Quote exactly, and only, the lines of the material below from the line with "가장 큰 문제는 신청" through the line with "- Function name".

── Data shown ──

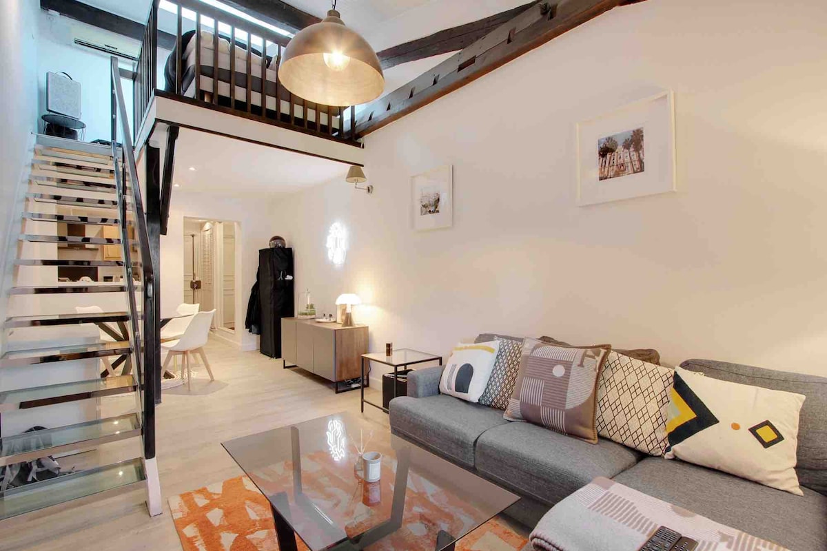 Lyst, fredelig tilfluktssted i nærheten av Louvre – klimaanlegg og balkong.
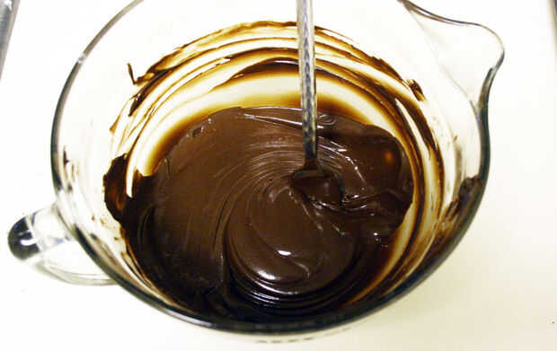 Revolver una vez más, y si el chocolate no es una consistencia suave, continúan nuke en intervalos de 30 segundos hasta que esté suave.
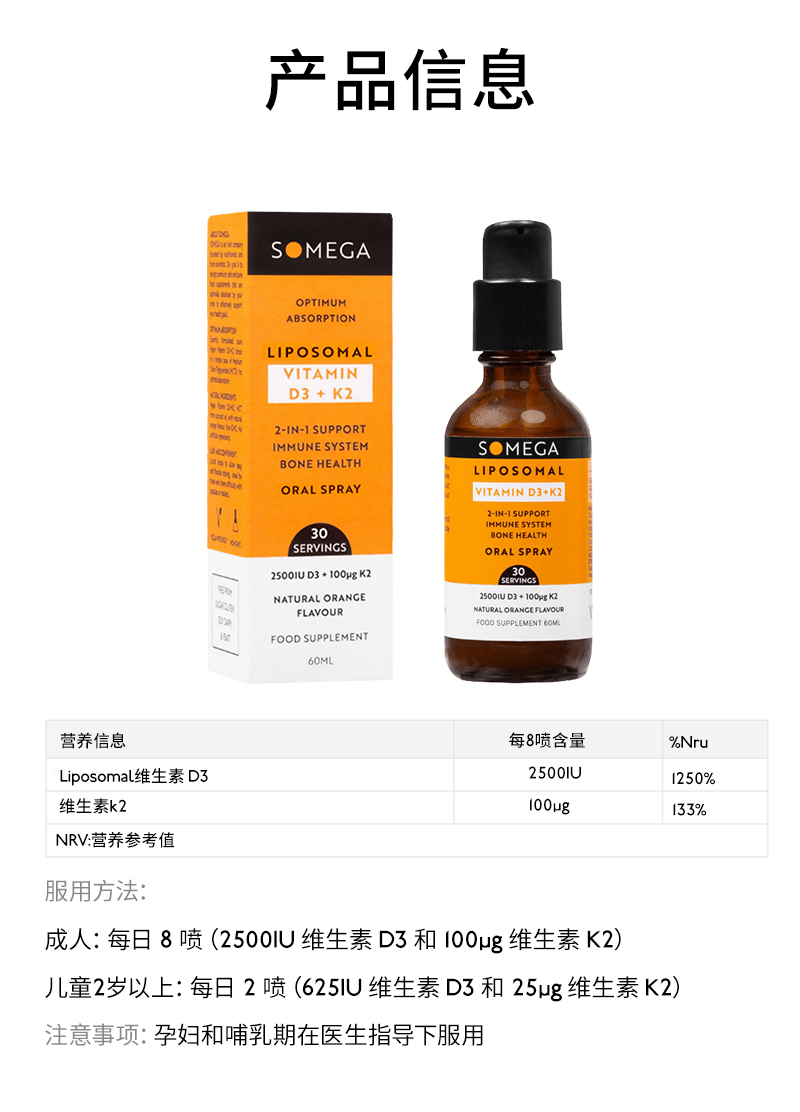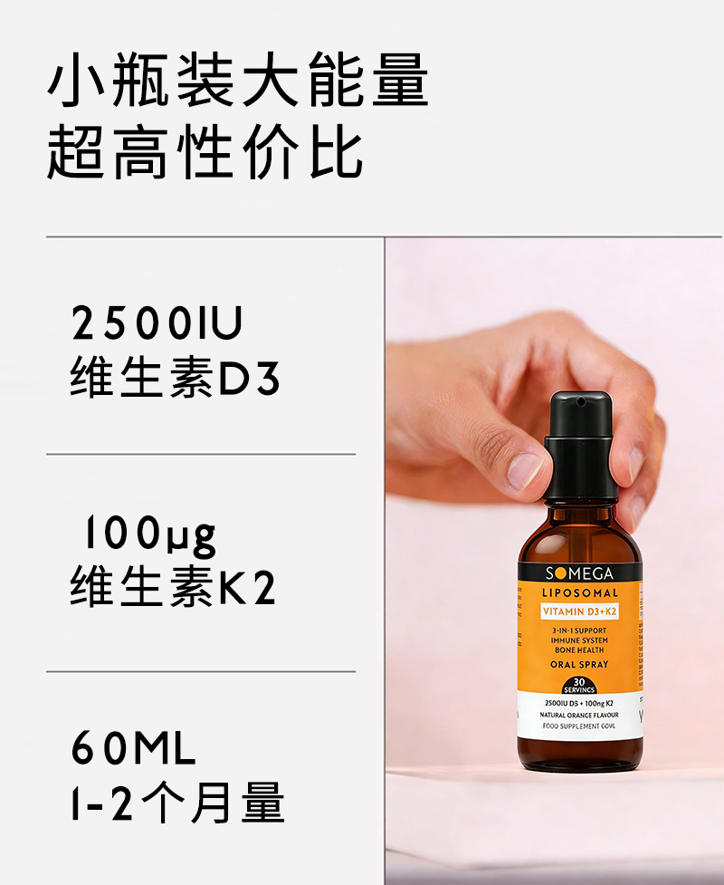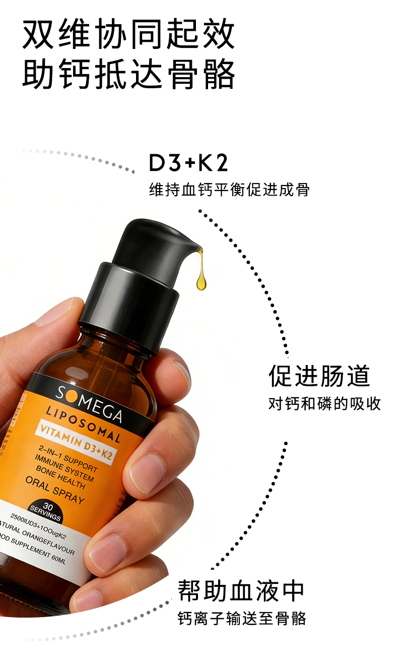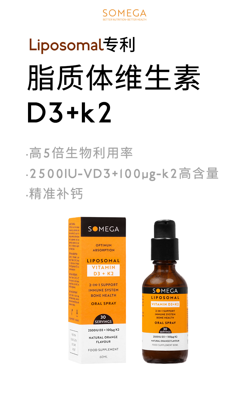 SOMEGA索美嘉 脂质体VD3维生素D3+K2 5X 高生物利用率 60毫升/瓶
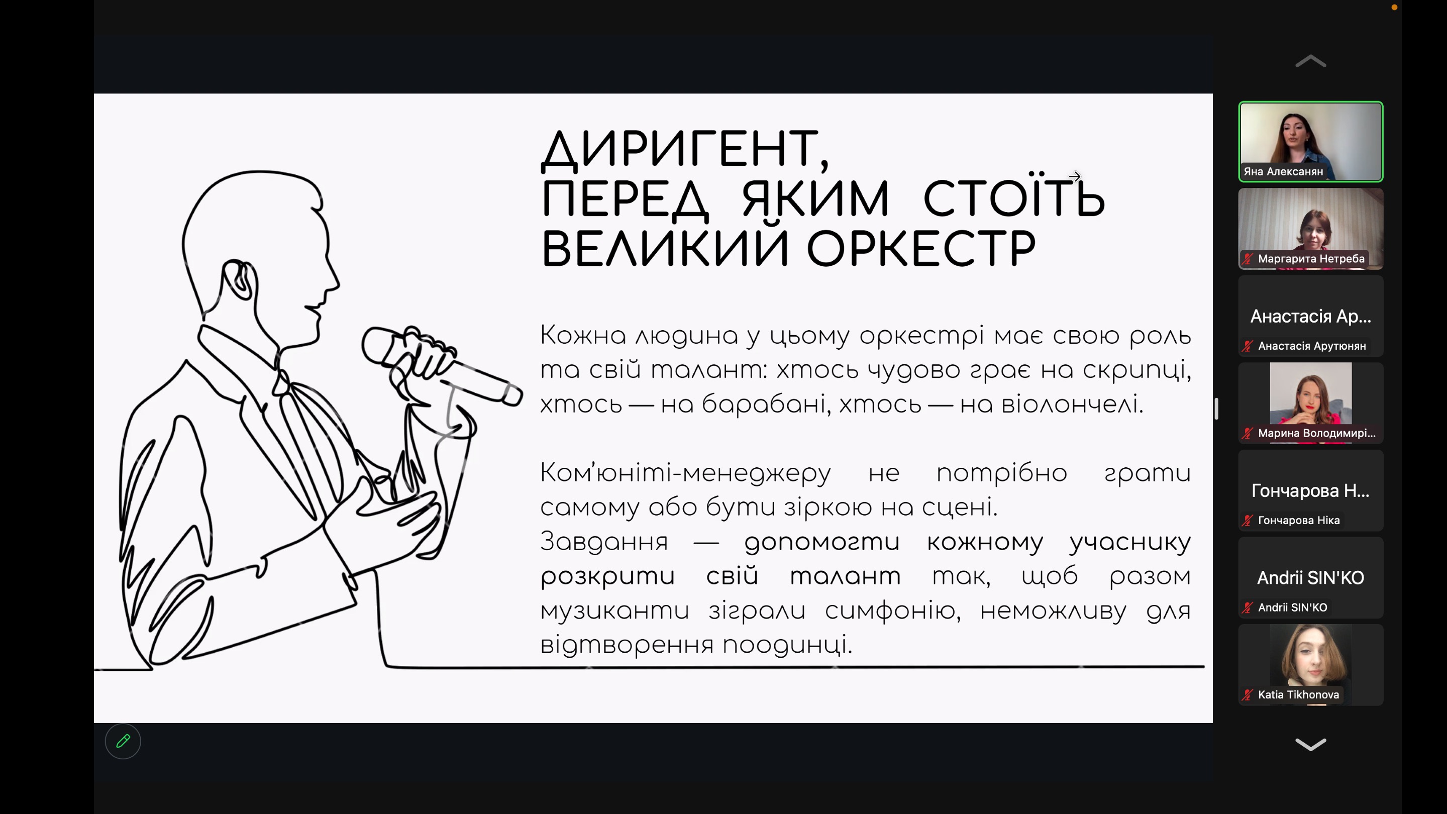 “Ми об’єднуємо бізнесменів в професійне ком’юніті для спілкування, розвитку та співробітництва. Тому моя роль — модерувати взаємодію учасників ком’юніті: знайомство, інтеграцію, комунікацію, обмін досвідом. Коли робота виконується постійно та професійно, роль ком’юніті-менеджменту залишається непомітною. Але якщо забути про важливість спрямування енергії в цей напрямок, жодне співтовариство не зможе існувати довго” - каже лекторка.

───
── Data shown ──

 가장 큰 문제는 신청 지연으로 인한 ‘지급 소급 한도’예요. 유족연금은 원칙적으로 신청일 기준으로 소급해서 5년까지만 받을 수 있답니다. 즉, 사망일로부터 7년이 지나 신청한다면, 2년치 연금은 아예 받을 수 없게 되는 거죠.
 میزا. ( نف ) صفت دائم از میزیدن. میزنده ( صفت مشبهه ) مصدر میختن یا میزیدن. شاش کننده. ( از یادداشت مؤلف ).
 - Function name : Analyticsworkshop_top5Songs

───

● **Solution for this problem**
 가장 큰 문제는 신청 지연으로 인한 ‘지급 소급 한도’예요. 유족연금은 원칙적으로 신청일 기준으로 소급해서 5년까지만 받을 수 있답니다. 즉, 사망일로부터 7년이 지나 신청한다면, 2년치 연금은 아예 받을 수 없게 되는 거죠.
 میزا. ( نف ) صفت دائم از میزیدن. میزنده ( صفت مشبهه ) مصدر میختن یا میزیدن. شاش کننده. ( از یادداشت مؤلف ).
 - Function name : Analyticsworkshop_top5Songs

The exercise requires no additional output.